Israeli intelligence failed to warn of or avert last weekend’s Hamas strike from Gaza, but U.S. intelligence—with more than 650,000 American citizens and significant military assets at risk on the ground in Israel—also failed to warn of prospective threats.
“The United States and by extension the Biden administration isn’t responsible for Israel’s intelligence failure,” says a senior intelligence official who requested anonymity in order to speak candidly with Newsweek. “But there are plenty of reasons why, purely in our own interests, we should have been on top of this. That we didn’t detect the attacks shouldn’t come as a surprise to anyone.”
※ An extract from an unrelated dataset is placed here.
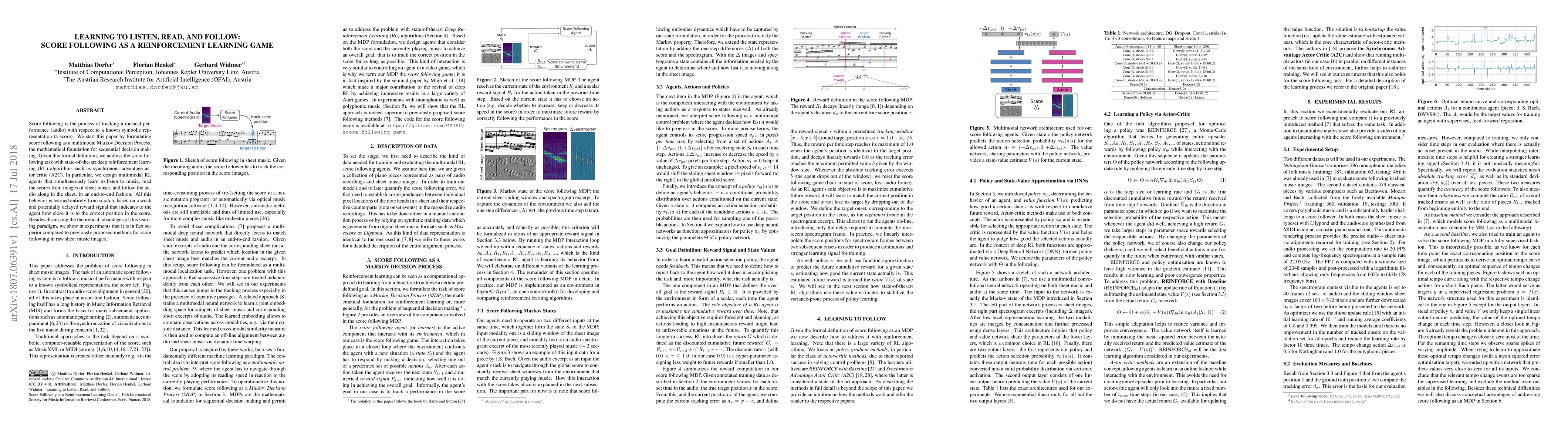 Score following is the process of tracking a musical performance (audio) with respect to a known symbolic representation (a score). We start this paper by formulating score following as a multimodal Markov Decision Process, the mathematical foundation for sequential decision making. Given this formal definition, we address the score following task with state-of-the-art deep reinforcement learning (RL) algorithms such as synchronous advantage actor critic (A2C). In particular, we design multimodal RL agents that simultaneously learn to listen to music, read the scores from images of sheet music, and follow the audio along in the sheet, in an end-to-end fashion. All this behavior is learned entirely from scratch, based on a weak and potentially delayed reward signal that indicates to the agent how close it is to the correct position in the score. Besides discussing the theoretical advantages of this learning paradigm, we show in experiments that it is in fact superior compared to previously proposed methods for score following in raw sheet music images.

Israel’s Iron Dome air defence system intercepts rockets launched from the Gaza Strip on October 11, 2023. Exchanges of fire are expected to continue as Israel presses a new offensive into the Palestinian enclave.
BASHAR TALEB/AFP via Getty Images
The reason, that official and others say, is that in the overall list of priorities, even in the Middle East, Israel ranks behind countries like Syria and Iraq where American troops are already engaged in combat. Hamas in particular, officials say, is mostly the responsibility of Israeli intelligence, and the United States relies upon Israel for most of its inside information on the group. where the United States is dependent. Third, the U.S. collects far more than it is able to analyze about Israel and elsewhere, an endemic problem, and one that has dogged the system for decades and is only getting worse.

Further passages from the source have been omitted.